The Andrews sisters had just finished a golden oldie, when Tiny came in. She closed the door, then tried to turn, but staggered a step before she fell to the floor. George went down beside her and held her head. Her eyes rolled for a moment, then steadied in place.
Blood seeped from her mouth.
"Police," she whispered in English, then passed out. George carried her to a pallet beside the floor bed and stretched her out. He had tears in his eyes. Yasmeen knelt beside Tiny on the pallet, making a quick examination.
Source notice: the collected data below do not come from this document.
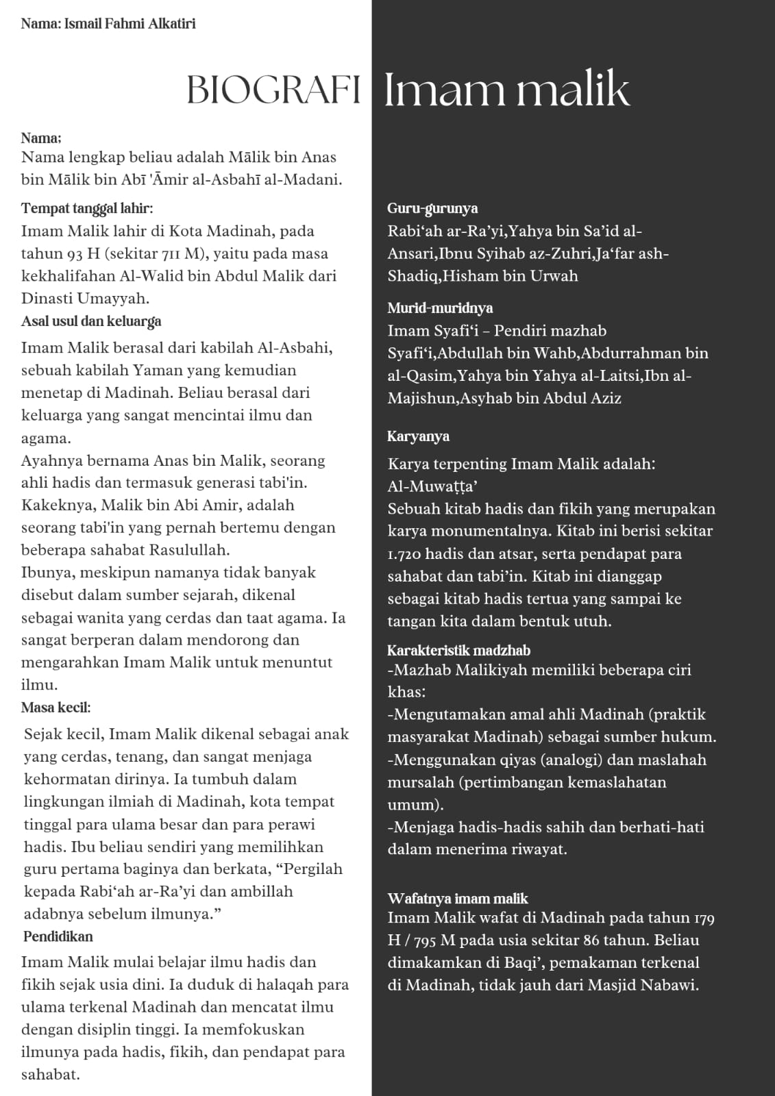 Nama lengkap beliau adalah Mālik bin Anas bin Mālik bin Abī ‘Āmir al-Asbahī al-Madani.
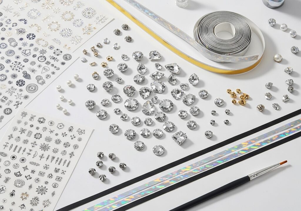 - Rhinestones & Gems Stick them on wet top coat for an instant glam look. No skill required!
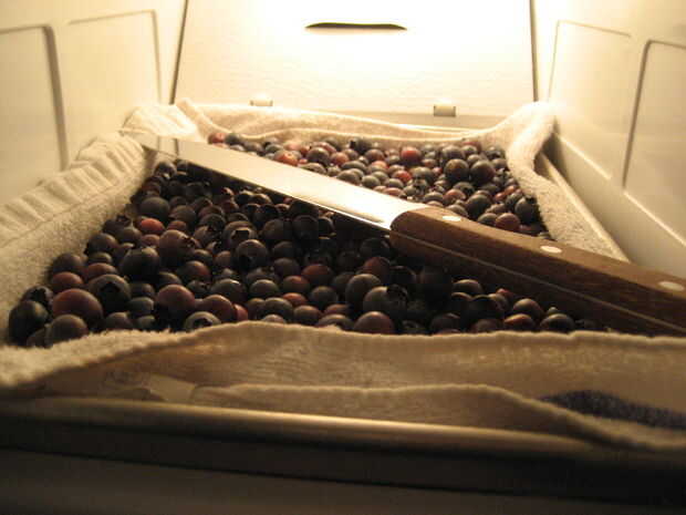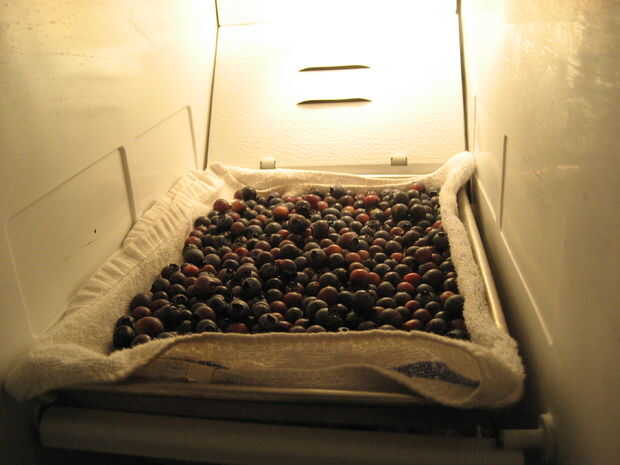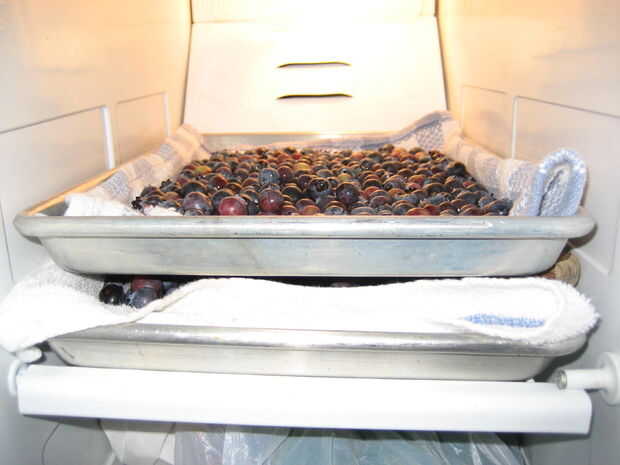 Si tienes muchas bayas, dude de apilar dos o más bandejas, siempre y cuando no hay espacio para moverse a través de aire frío. Usé un cuchillo grande para crear un vacío.

"She's been shot in the chest," Yasmeen said. "Probably hit one lung, and for sure lots of internal bleeding. If she doesn't get to a hospital, she'll die."
"No hospital," Tauksaun said. "The police would recognize her and let her die there. Tiny isn't exactly unknown to the authorities. This is all on your head, CIA man."
He stared at Tiny for a moment and blinked rapidly. He nodded to himself, and then used the telephone. He spoke quickly in English and Farsi, then hung up.